Par chance il y a des jours comme aujourd’hui, superissimes pour de vrai. Aujourd’hui, j’ai reçu une invitation par courriel, une invitation me disant que j’étais dans les rares à être invité. Moi, Couilles Moches, Tom Tout Croche – alias Tom Roche!

Me disant qu’on couronnera demain, parmi plus de 50 sportifs du plus haut niveau, le champion des champions toutes catégories, et ça se passera à un kilomètre de chez moi et est-ce que je serais assez honoré pour daigner accepter d’y assister.

Tu parles. Je ne pratique aucun sport à cause de ma patte folle, mais je les adore bien raide et je les connais par cœur, je peux vous dire qui a compté à l’avant-dernière partie des Canadiens de Montréal et qui trône au grand Chelem de tennis et qui a gagné le plus de trophées dans les ligues européennes!

Ça a fini par se savoir.

Du coup, la nuit a été plus blanche qu’une aspirine. Comment veux-tu dormir quand des géants vont bientôt respirer le même soleil que toi, que tu vas clopiner dans le sillage de Novak Djokovic, effleurer le coude de Lionel Messi, recevoir en pleine face les vibrations grandioses de Hugo Houle, Connor McDavid, Eddy Merckx?... Et comment vont-ils choisir le meilleur entre tous ces meilleurs, des princes qui dansent, qui dribblent comme on vole, qui transforment leur vélo en dragon de course?...

Moi, je voterais pour Lionel Messi, parce qu’il a eu une enfance moche et infirme qui me rentre dans le cœur, mais peut–être aussi pour le p’tit jeune Connor Bédard, juste quatre ans de plus que moi et on le voit déjà comme le joueur de hockey céleste de tous les temps futurs, et Vancouver et Toronto et Chicago se l’arrachent avant même qu’il ait rasé sa première moustache.

Maintenant, il faut s’y rendre.

Avant de partir, je prépare le gruau et les fruits de M’man, qui travaille vingt heures par jour et ne mange que si on lui donne la becquée comme un oiseau, et puis je fonce.

Il n’y a pas moyen, peu importent mes détours et mes camouflages, ils sont là.

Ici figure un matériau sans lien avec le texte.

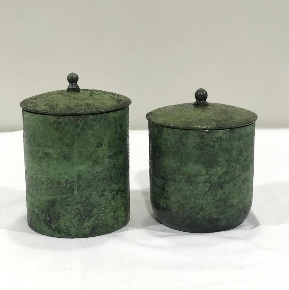 Green Rustic Metal Large Best Sales Candle Bowl With Metal Lid Hammered Design Table Top Decoration Candle Jar Bowl

Eh Jambe de bois, où tu vas? Couilles moches qui puent, ton père s’est sauvé de toi, ta mère est une salope de guidoune! J’ai beau connaître leurs litanies par cœur, ce qu’ils disent de M’man me perce comme un pieu, elle qui en arrache depuis toujours et qui ne mérite ni leurs niaiseries ni un fils démantibulé comme moi. Ils me talonnent de près, c’est le pire qu’ils peuvent faire vu que bien des badauds, en route vers le Championnat sans doute, partagent notre trottoir. Et tandis que leurs sifflements et leurs insultes me chauffent le dos, je suis tenté de me réfugier comme d’habitude à l’intérieur, dans mon île tranquille, et puis non, je change d’idée, je me retourne sec vers eux, un grand sourire dans la face :

Moi aussi, les Gars, je suis content de vous voir!

Ça les cloue sur place, ça leur fait tomber la gueule de saisissement.

Ils n’ont pas le temps de se ressaisir car un grand mouvement de foule se produit soudain devant et zigzague vers nous, eh oh saperlipopette superissime! n’est-ce pas Rafael Nadal en personne et Djokovic et Connor McDavid et Zidane qui me saluent du premier rang – et ma foi, Pelé et Guy Lafleur...? mais ils ne sont pas morts, ceux–là?...

Il semble que non et il semble que tout soit possible : la preuve, Djokovic se détache du peloton, il porte une couronne de roses dans les mains, et en deux enjambées, il est rendu sur moi et il me la pose sur la tête. Tom Roche, tu es sacré le champion des champions du courage toutes catégories!

La couronne a gardé quelques épines qui m’éraflent le crâne, mais je fais comme si de rien n’était.

Si c’est un rêve, ne me réveillez pas.